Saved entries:
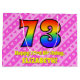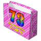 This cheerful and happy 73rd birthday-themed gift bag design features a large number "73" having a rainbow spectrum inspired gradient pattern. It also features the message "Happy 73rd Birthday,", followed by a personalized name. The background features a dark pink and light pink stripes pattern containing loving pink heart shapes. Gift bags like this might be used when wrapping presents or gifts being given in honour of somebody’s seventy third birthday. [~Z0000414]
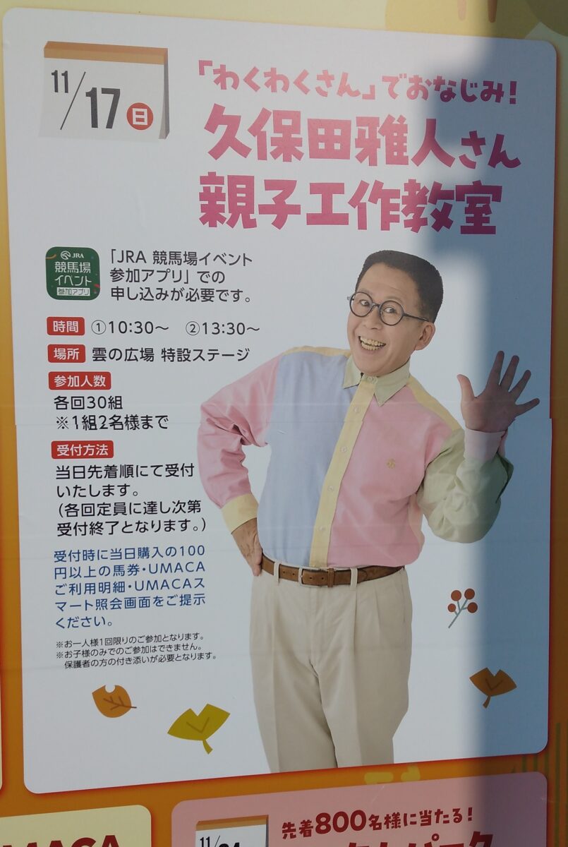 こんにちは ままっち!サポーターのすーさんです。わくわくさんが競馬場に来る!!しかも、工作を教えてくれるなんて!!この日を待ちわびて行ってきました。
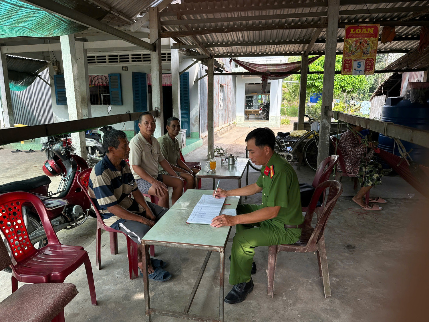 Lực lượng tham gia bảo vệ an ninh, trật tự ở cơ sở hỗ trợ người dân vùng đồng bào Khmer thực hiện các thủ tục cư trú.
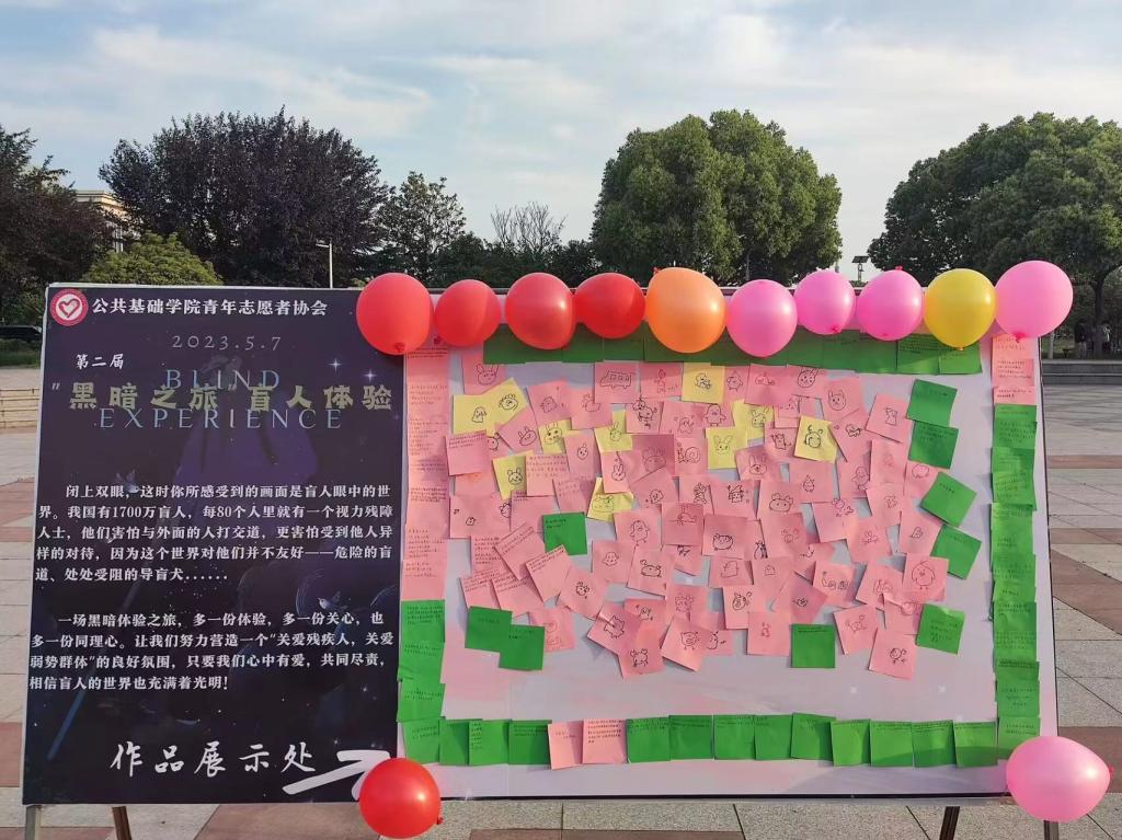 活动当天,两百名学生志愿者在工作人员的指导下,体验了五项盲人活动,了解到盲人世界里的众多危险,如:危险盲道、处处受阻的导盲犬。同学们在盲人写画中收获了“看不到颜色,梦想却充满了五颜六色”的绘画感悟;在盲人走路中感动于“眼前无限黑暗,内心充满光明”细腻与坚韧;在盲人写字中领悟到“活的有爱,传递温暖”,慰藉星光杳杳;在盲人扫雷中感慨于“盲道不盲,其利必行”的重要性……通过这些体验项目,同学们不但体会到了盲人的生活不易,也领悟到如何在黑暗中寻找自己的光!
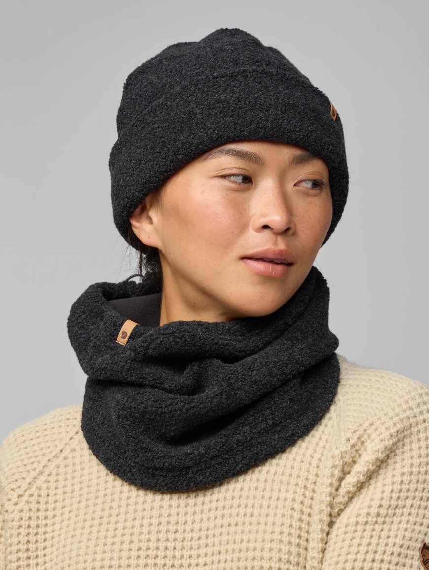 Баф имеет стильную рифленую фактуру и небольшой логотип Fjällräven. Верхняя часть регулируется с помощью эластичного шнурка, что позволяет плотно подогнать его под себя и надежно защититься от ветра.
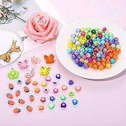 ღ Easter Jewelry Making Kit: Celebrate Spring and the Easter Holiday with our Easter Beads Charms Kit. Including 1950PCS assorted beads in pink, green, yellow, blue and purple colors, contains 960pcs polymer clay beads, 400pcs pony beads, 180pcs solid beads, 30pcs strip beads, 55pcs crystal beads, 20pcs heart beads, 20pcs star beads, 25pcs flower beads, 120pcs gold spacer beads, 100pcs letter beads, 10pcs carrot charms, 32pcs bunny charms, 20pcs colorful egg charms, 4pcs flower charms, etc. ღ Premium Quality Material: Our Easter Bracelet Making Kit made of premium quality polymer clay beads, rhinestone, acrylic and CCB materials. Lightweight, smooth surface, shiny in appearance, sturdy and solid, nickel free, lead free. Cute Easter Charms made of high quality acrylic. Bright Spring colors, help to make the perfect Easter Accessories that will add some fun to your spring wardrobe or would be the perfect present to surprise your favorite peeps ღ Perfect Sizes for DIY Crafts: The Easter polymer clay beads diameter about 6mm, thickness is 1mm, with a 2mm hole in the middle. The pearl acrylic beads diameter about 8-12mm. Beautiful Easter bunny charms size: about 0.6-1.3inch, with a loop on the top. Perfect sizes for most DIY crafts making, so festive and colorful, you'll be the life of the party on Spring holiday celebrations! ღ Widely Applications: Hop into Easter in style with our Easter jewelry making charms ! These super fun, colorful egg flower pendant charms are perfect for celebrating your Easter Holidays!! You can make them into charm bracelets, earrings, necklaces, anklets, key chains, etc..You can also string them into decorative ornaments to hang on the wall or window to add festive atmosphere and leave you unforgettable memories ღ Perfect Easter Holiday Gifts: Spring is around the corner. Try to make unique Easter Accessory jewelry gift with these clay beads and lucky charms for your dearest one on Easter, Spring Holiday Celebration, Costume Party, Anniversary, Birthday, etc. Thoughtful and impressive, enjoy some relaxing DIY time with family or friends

Work task: Print exactly the lines above that run from the one with "Lực lượng tham" to the one with "Баф имеет стильную", both included. No pictures.

Output of the exercise:
 Lực lượng tham gia bảo vệ an ninh, trật tự ở cơ sở hỗ trợ người dân vùng đồng bào Khmer thực hiện các thủ tục cư trú.
 活动当天,两百名学生志愿者在工作人员的指导下,体验了五项盲人活动,了解到盲人世界里的众多危险,如:危险盲道、处处受阻的导盲犬。同学们在盲人写画中收获了“看不到颜色,梦想却充满了五颜六色”的绘画感悟;在盲人走路中感动于“眼前无限黑暗,内心充满光明”细腻与坚韧;在盲人写字中领悟到“活的有爱,传递温暖”,慰藉星光杳杳;在盲人扫雷中感慨于“盲道不盲,其利必行”的重要性……通过这些体验项目,同学们不但体会到了盲人的生活不易,也领悟到如何在黑暗中寻找自己的光!
 Баф имеет стильную рифленую фактуру и небольшой логотип Fjällräven. Верхняя часть регулируется с помощью эластичного шнурка, что позволяет плотно подогнать его под себя и надежно защититься от ветра.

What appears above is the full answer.